Abstract: With commercialization of the Internet as well as the increasing demand of quality of service (QoS) fueled by emerging multimedia applications, offering quality of service will add to the competitive edge of a successful service provider. QoS routing which finds appropriate routes to satisfy applications' QoS requirements is one of the unsolved technical obstacles for network QoS provisioning. Current multicast routing approach is incapable of constructing a routing tree to satisfy applications' requested QoS.

In this talk, we will describe extension to core based tree multicast routing protocols, for example, core-based tree routing protocol (CBT) and simple multicast protocol (SM), to maintain a multicast tree with user-specified QoS properties.  Specifically, we describes enhancements to the multicast member join/leave and state update/refresh procedures to facilitate the deployment of additive (e.g., end-to-end delay bound), multiplicative (e.g., packet loss ratio along a path), and concave (e.g., minimum bandwidth available) QoS.

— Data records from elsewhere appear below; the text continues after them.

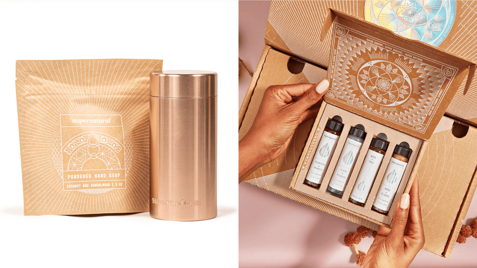 Supernatural uses plant-based ingredients, minerals, and essential oils in its cleaning formulas. Their starter set has wood floors, granite countertops, glass and windows, and bathroom tile covered. Our obsession: their powdered hand soap, which comes with a refillable aluminum shaker. (Price varies, Supernatural)
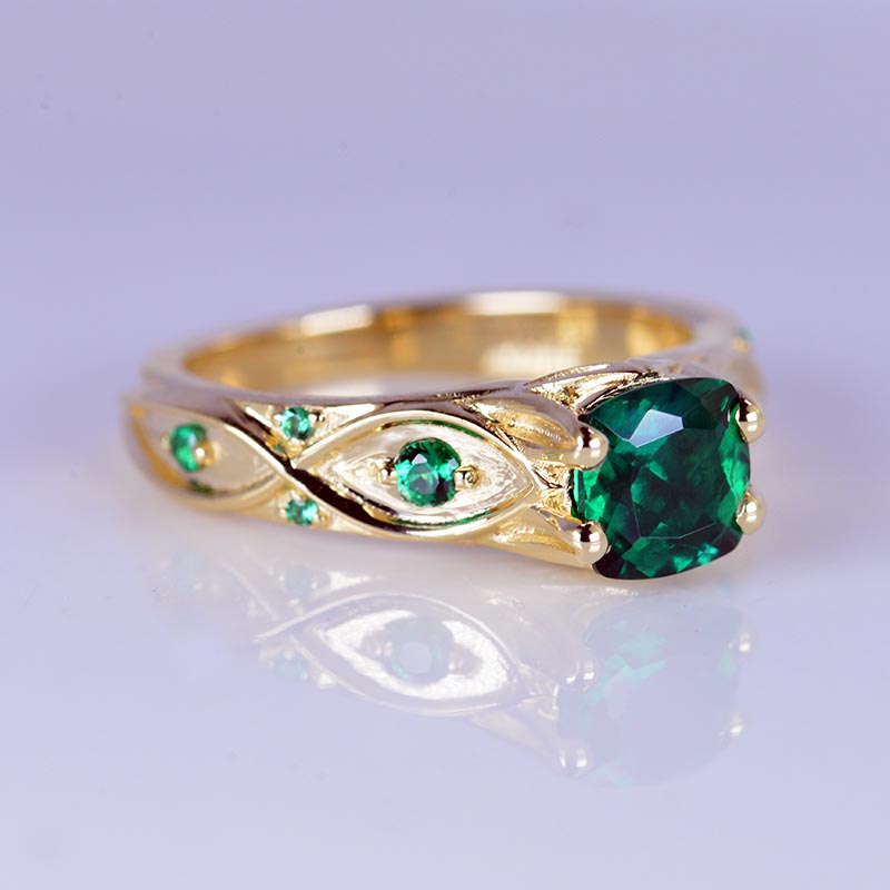 Emerald Center Stone - Cushion 6x6 mm, Ethically Lab-Grown, VVS1-Clarity, Ex-Cut, Ex-Polish, VG-Symmetry) and 8-Accents  0.1 CTW with 14K Yellow Gold.
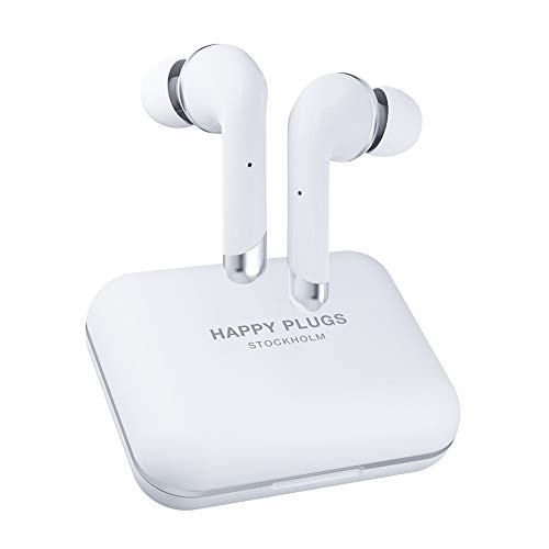 Happy Plugs Air 1 Plus in-Ear - Auricolare Senza Fili - True Wireless - 100 Db - Resistente al Sudore - Batteria 30 mAh in Ogni Auricolare - Batteria 450 mAh nella Custodia di Ricarica - Bianco
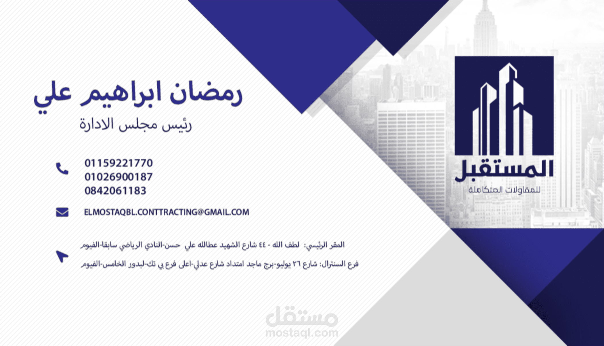 تمت تجربة التعامل مع العميل بشكل إيجابي ومنتج، ونحن فخورون بتلبية جميع احتياجاته وتوقعاته. نحن سعداء لتحقيق الهوية البصرية التي تعكس الحداثة والابتكار لشركة المستقبل للمقاولات، والتي يمكن أن تعزز مكانتها في السوق وتجذب المزيد من العملاء المستهدفين.
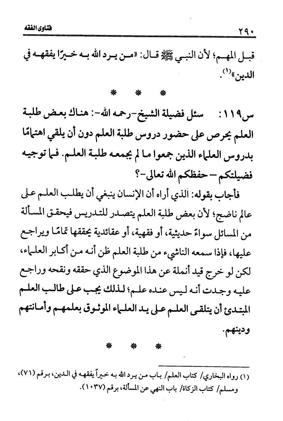 س 119: سئل فضيلة الشيخ- رحمه الله-: هناك بعض طلبة العلم يحرص على حضور دروس طلبة العلم دون أن يلقي اهتمامًا بدروس العلماء الذين جمعوا ما لم يجمعه طلبة العلم. فما توجيه
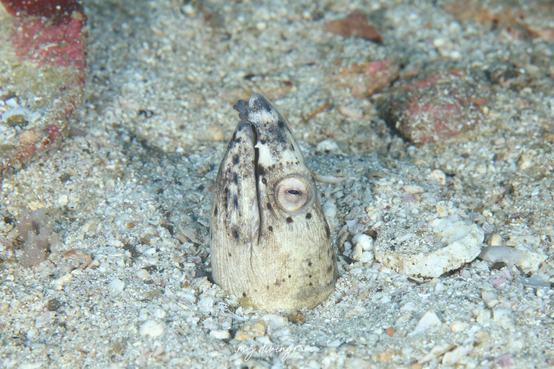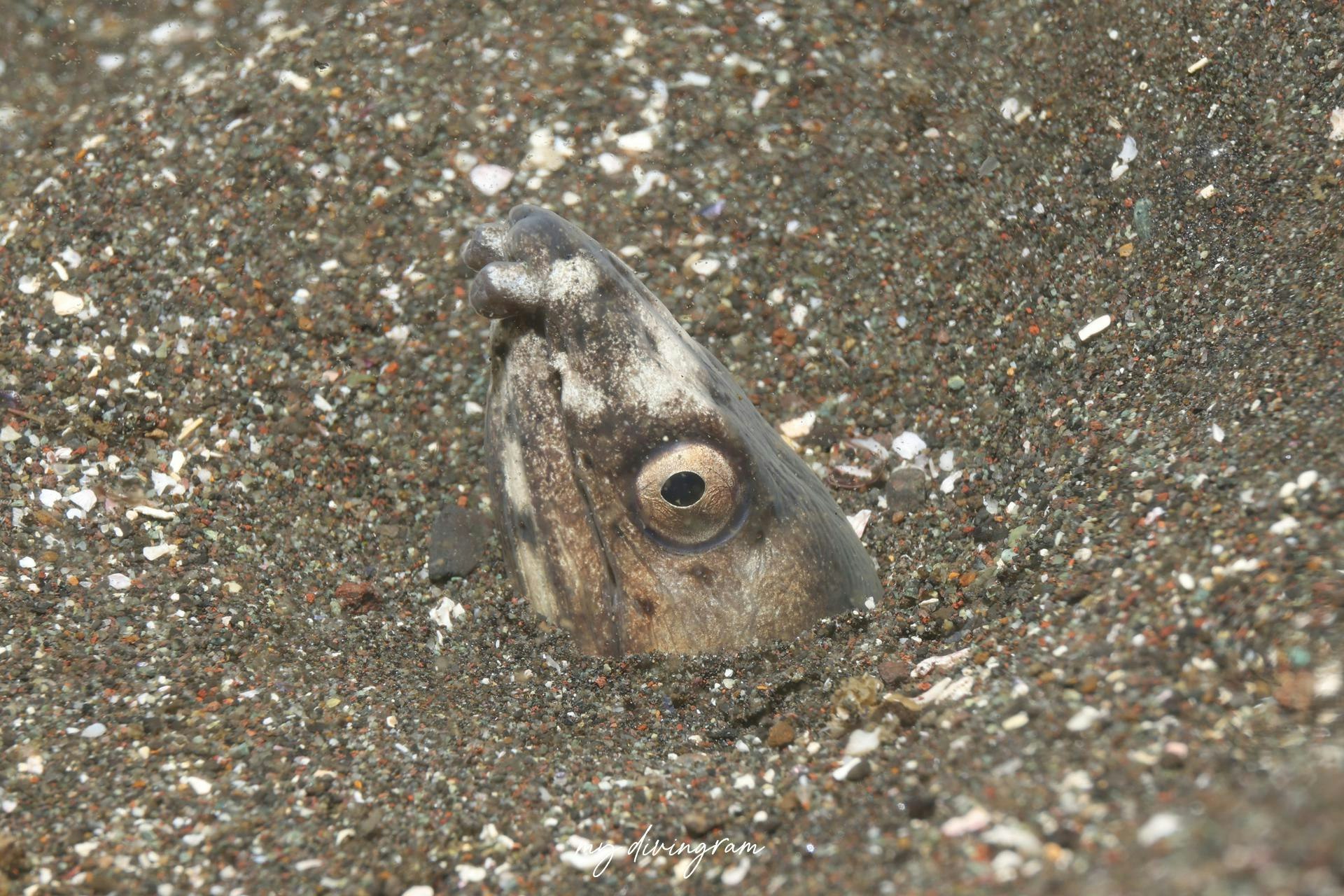 埋まってるときは猫目ですが泳ぐと普通の目になるんですね。

Eligibility tests are devised to verify whether or not a new member can join a multicast tree at adequate QoS, while not violating the QoS received by on-tree members. Management of router state is based on a simple state update and refresh procedure that can be readily integrated with the tree maintenance mechanism that exists in bi-directional core-based multicast routing protocols (e.g., the use of echo-request and echo-reply messages in CBT for tree maintenance).

We developed a Java-based objected-oriented network simulator called NetSim^Q to study the proposed QoS mechanism. The proposed QoS routing extension is shown to be effective and incur reasonable amount of control message overhead.